This review may contain spoilers. I can handle the truth.
Josh Gibbs’s review published on Letterboxd:
This review may contain spoilers.
I never noticed the significance of the moment where Michael calls Sonny after hearing about the attempt on his father's life before. Rather than bringing Kay (who by the way, was the one to inform him of the news having noticed the headline to begin with) into the phone booth with him, or even leaving the door ajar, his immediate instinct is to go in alone and firmly shut it behind him, symbolically bringing himself into the family business and shutting Kay out in the process. To drive the point home, their separation is ominously framed with Michael in the foreground and Kay isolated in a cage-like structure behind him, watching but unable to influence him, like a carefully controlled pet, best admired from a distance.
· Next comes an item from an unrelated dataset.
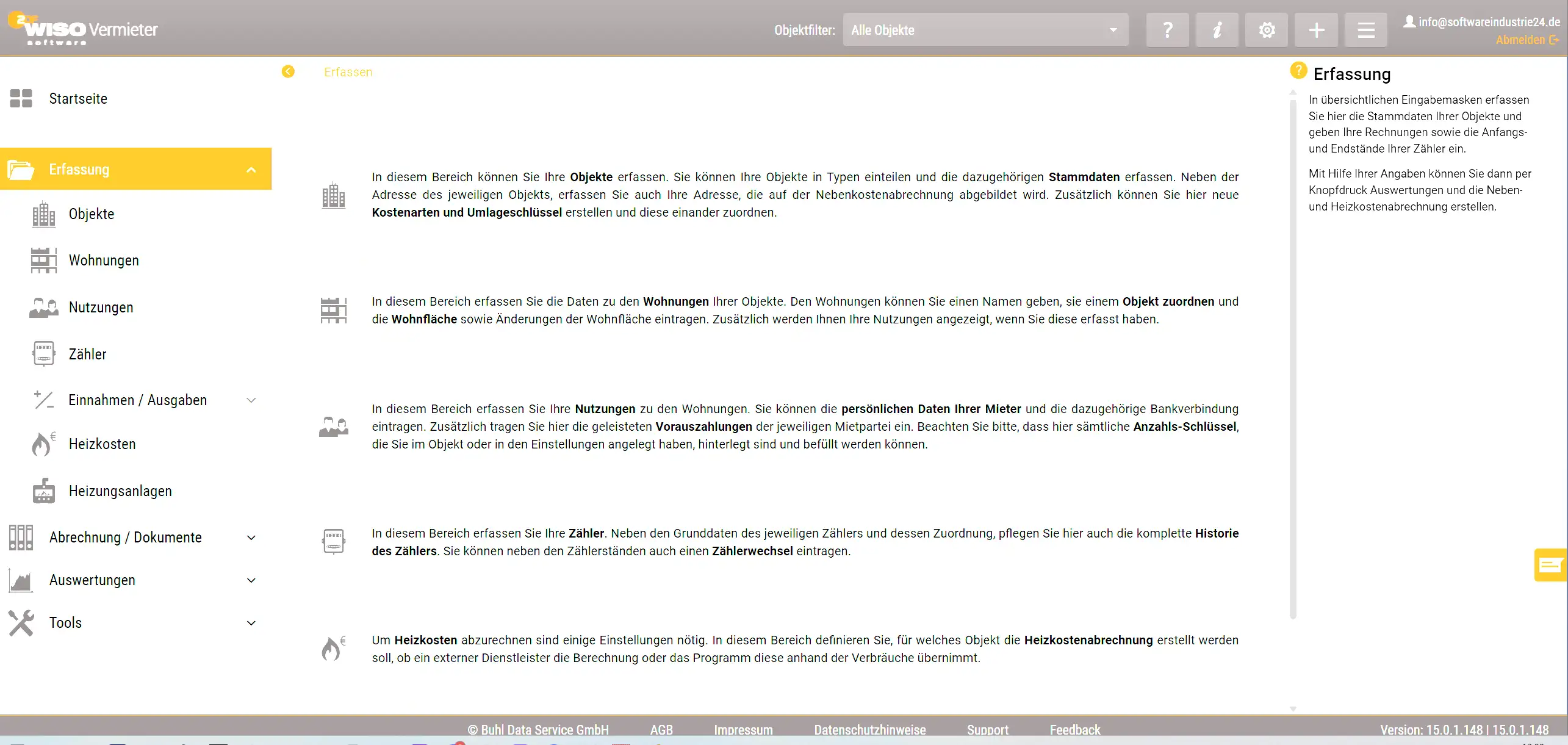 Mit WISO Vermieter-Web können Sie Ihre Daten auch online verwalten und haben somit jederzeit und von überall Zugriff auf Ihre Informationen. Dies ermöglicht es Ihnen, Zählerstände direkt vor Ort mit Ihrem Tablet zu erfassen oder Abrechnungen bequem von unterwegs zu erstellen.

This scene marks the turning point in Michael’s attitude towards Kay. At Connie’s wedding during the film’s opening, he goes out of his way to bring Kay into the family photo. Coppola emphasises how much Michael wants her to be a part of his life by initially framing her out of sight. The camera is then forced to move unnaturally to follow him moving out of frame to bring her in. By contrast, at the film’s ending, Kay is harshly shut out of both the frame and her husband’s trust, relegated to the periphery of his now centre-stage familial ‘obligations’, aka his criminal and political ambitions.
As he becomes more involved with the family business, Michael’s increasingly low view of the women in his life extends to Apollonia. The two barely exchange a word before their wedding, and based on her childish behaviour later on, they seemingly have little in common. One of her few significant stretches of screen time contains the only instance of nudity in the three hour runtime. As Michael consummates their marriage, he symbolically gives himself over fully to his family’s way of life. And in the process, Apollonia is reduced to a mere object of pleasure and practicality, a means of providing Michael with further political connections, personal protection and immersion in Sicilian culture.
Besides that, all I have to say is that it was a pleasure seeing this on the big screen for its 50th anniversary. Oh, and Rota's score just seems to sound more and more mournful every time I watch this.